I recently heard a radio program on the topic of dealing with your children’s artwork. Many parents share in this dilemma. With so much art being produced by kids these days, it can be overwhelming. What should you keep? What gets thrown away?
There were many ideas offered: some great ones like photographing the works and turning them into books, and others not-so-great like plastering them as wallpaper all over your walls. (seriously?!)
I’ve kept absolutely everything over the years, believing that someday I would, somehow, deal with it. Since our move, we’ve had a lot of clearing out and organizing to do and, with less space than we’re used to, that “someday” has arrived.
The multiple bins that contained literally hundreds (possibly thousands!) of pieces of art from the girls had to be dealt with. It was simple enough: two piles, one to keep and the other throw away.
Who knew that something so simple could be so painful?

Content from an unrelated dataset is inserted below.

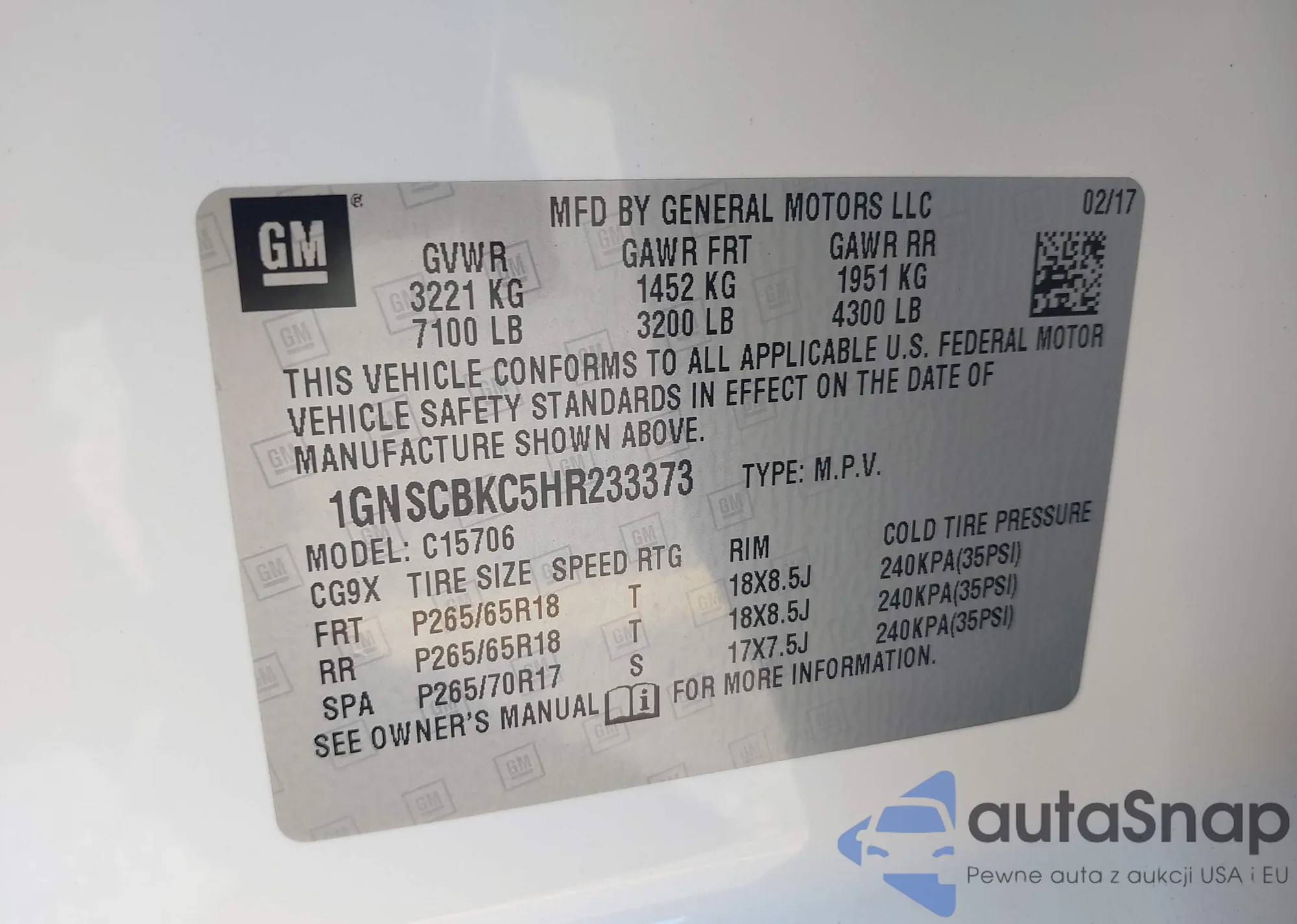 LOT: 44081004 VIN: 1GNSCBKC5HR233373

Opening the bins brought back a flood of memories. Each piece of construction paper I held in my hands took me away. How could I choose to throw these treasures out? The early fat crayon scribbles, slowly evolving into circles, which over time became amoeba-like faces with long legs and arms. I remember vividly sitting at the kitchen tables of our past, my babies on my lap or in their high chairs, watching them struggle to hold their crayons in their chubby little fingers. Little tongues poking out. A look of intense concentration on their faces…Me stooping repeatedly to pick up the crayons that would roll to the floor.

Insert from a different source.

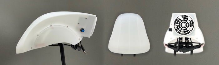 ・ヘルメット状のデバイスにエア流路を設け、⼩型ファンによって額上部からエアを噴出

These scribbles are not just lines on paper. They are a direct link to my old self; a time that already seems like a lifetime ago. A young mother getting through her days, cold cups of coffee on the counter….
Then there are the drawings of mother and child holding hands. Big hearts, butterflies, rainbows, cats…Daddy and child, “I love you” scrawled across the page in sloppy letters. Sunshine and flowers. Their names printed with a letter or two backwards… “Look, Mommy! I did it!”
Envelopes roughly put together with masking tape, letters to Santa, school art, cards, glitter and glue…all of them – every single one – a masterpiece.
Memories keep flooding through me. Holding hands to cross the street, cool morning walks to school. Hot, sweaty summer days at the park, sand in their shoes. Picnics, tantrums, little wet bodies in warm baths. Dirty faces turned upwards for me to wipe. Days so full of happiness that I could burst, and days so difficult with self judgment and resentment that I wanted to curl up and die.
But always, the love.
In the end, I did manage to throw away a lot of art. But, the pages were photographed and stored as bits of digital data. As for the throw-away pile, my husband unceremoniously took them to the back of the barn and burned them in an old oil drum. I imagine, though we never talked about it, that he had his own memories to deal with as he placed them one by one into the flames. It must not have been easy.
Our little artists are big girls now. I no longer need to hold their hands or wipe their faces. Those days are gone. But what does remain is their love of drawing. And even though they don’t write “I love you” across the top of every page anymore, the act of showing me their work, and awaiting my praise is just another way of showing it.
I still have a baby in my life. My son is three and rapidly accumulating an art collection of his own. I am acutely aware of how precious my time is with him, having seen how quickly time flies and kids grow up. I take the time to sit and appreciate the many moments we have together. His drawings are in the “long legs and arms jutting out of the big head” stage right now. Soon, his name will find its way onto the pages. And then, the Mommy and child, the “Daddy I love you” and the flowers and rainbows.
And with every masterpiece he creates, another memory is safeguarded for years to come.